Simpson's Diversity Index Calculator

Calculate Simpson's Diversity Index, Shannon Index, evenness, richness, and Hill numbers for any categorical dataset. Includes visual distribution bars and detailed breakdown.

About the Simpson's Diversity Index Calculator

The Simpson's Diversity Index Calculator computes diversity metrics such as Simpson's D, Shannon-Wiener H', Pielou's evenness, Berger-Parker dominance, Margalef richness, and Hill numbers.

Diversity indices describe how evenly categories are represented. In ecology that might mean species counts, in business it can mean market concentration, and in demographics it can mean how a population is distributed across groups. Simpson's 1-D is especially intuitive because it is the probability that two randomly selected individuals belong to different categories.

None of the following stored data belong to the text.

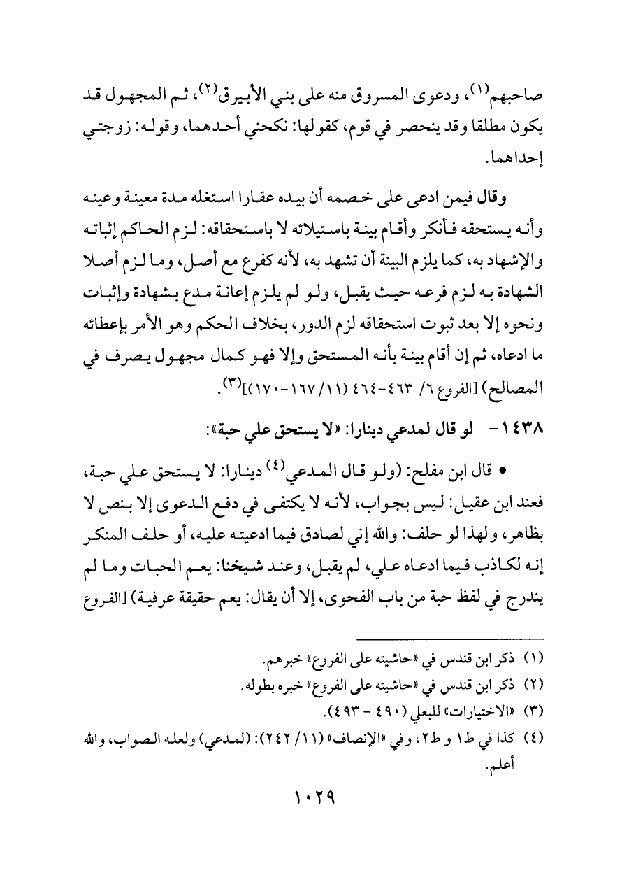 ١٤٣٨ - لو قال لمدعي دينارا: «لا يستحق علي حبة»:
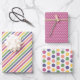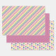Bring cheerful energy to any gift featuring a vibrant pink, green, yellow, orange and blue patterned designs. This modern combination includes a diagonal striped pattern, a polka dot pattern of pink, green, yellow, orang and blue and a solid color pattern with several color options available. This set will add fun and a colorful touch to any birthday, celebration, holiday, or everyday gifting. The clean white spacing between each stripe keeps the look fresh, playful, and versatile for all ages. Perfect for wrapping presents, crafting projects, party décor, or adding a pop of color to your packaging. Tie any matching bow or ribbon for a finished look.
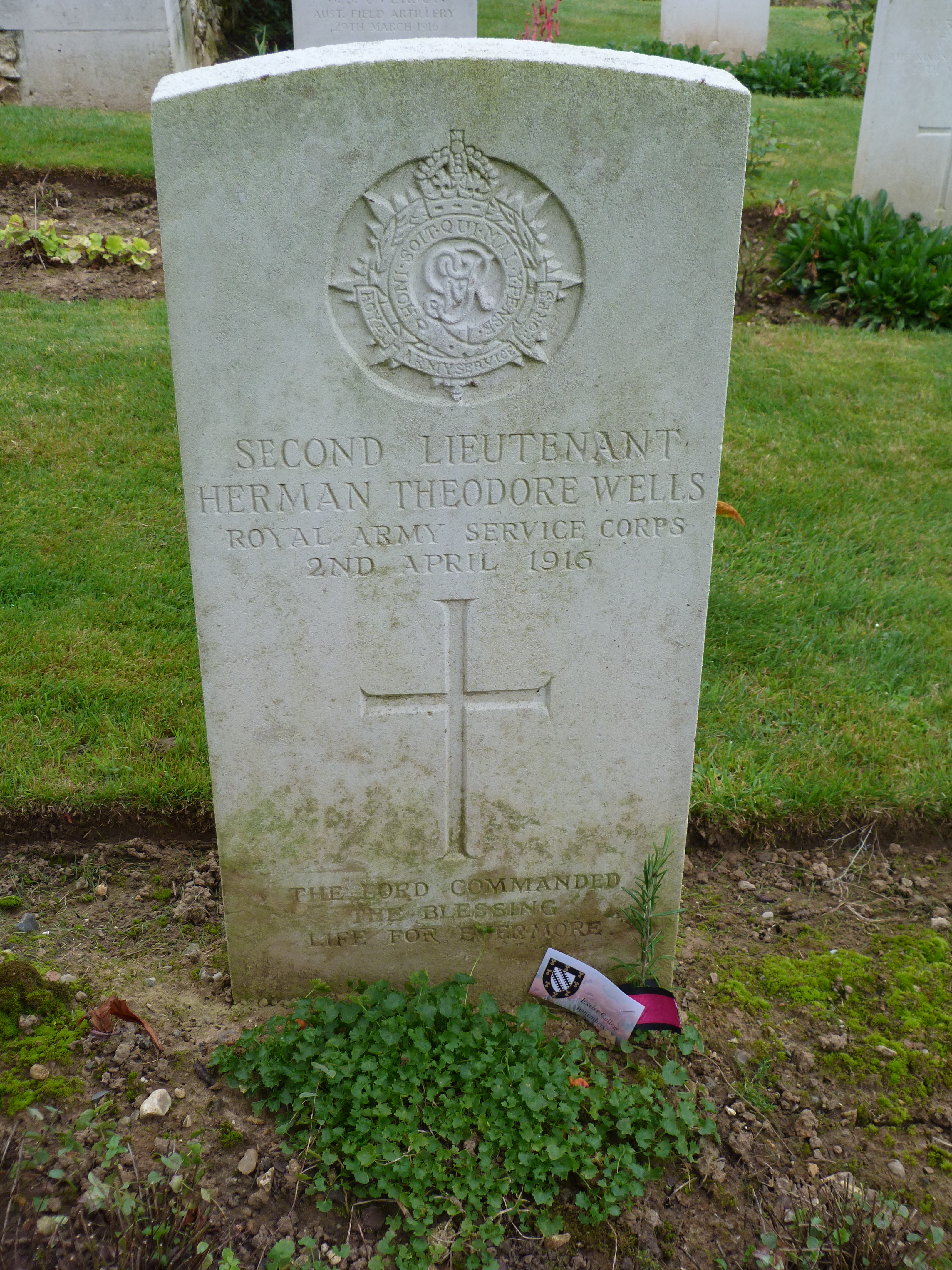 The youngest son of Rev’d Edward Wells, Rector of West Dean near Salisbury, Herman died at the age of 21 in Le Havre from pneumonia. His older brother, Edward had better fortune, and as an Army Chaplain won the MC and won the war. The inscription on his grave reads ‘ The Lord commanded the blessing – life for evermore.’ [Ps 133]. His grave, tended by the Commonwealth Graves Commission, is surrounded by flowers and well kept grass. This is in stark contrast to the civic grave yard with its grey gravel. This underlines the point made by Sir Reginald Blomfield in 1920, ” the cemeteries carefully tended, will rely for their effect on the dignity of their lay out, and the beauty of the trees, grass and the flowers.”

The calculator shows the common indices together with proportion bars and a computation table, which makes it easier to compare richness, dominance, and evenness in one view.

Why Use This Simpson's Diversity Index Calculator?

Different diversity metrics emphasize different parts of the same distribution. Some respond mostly to common categories, while others give more weight to rare ones. Seeing the indices together makes it easier to understand whether a dataset is diverse, merely even, or dominated by a small number of categories.

The Hill numbers framework helps connect those measures instead of treating them as unrelated formulas.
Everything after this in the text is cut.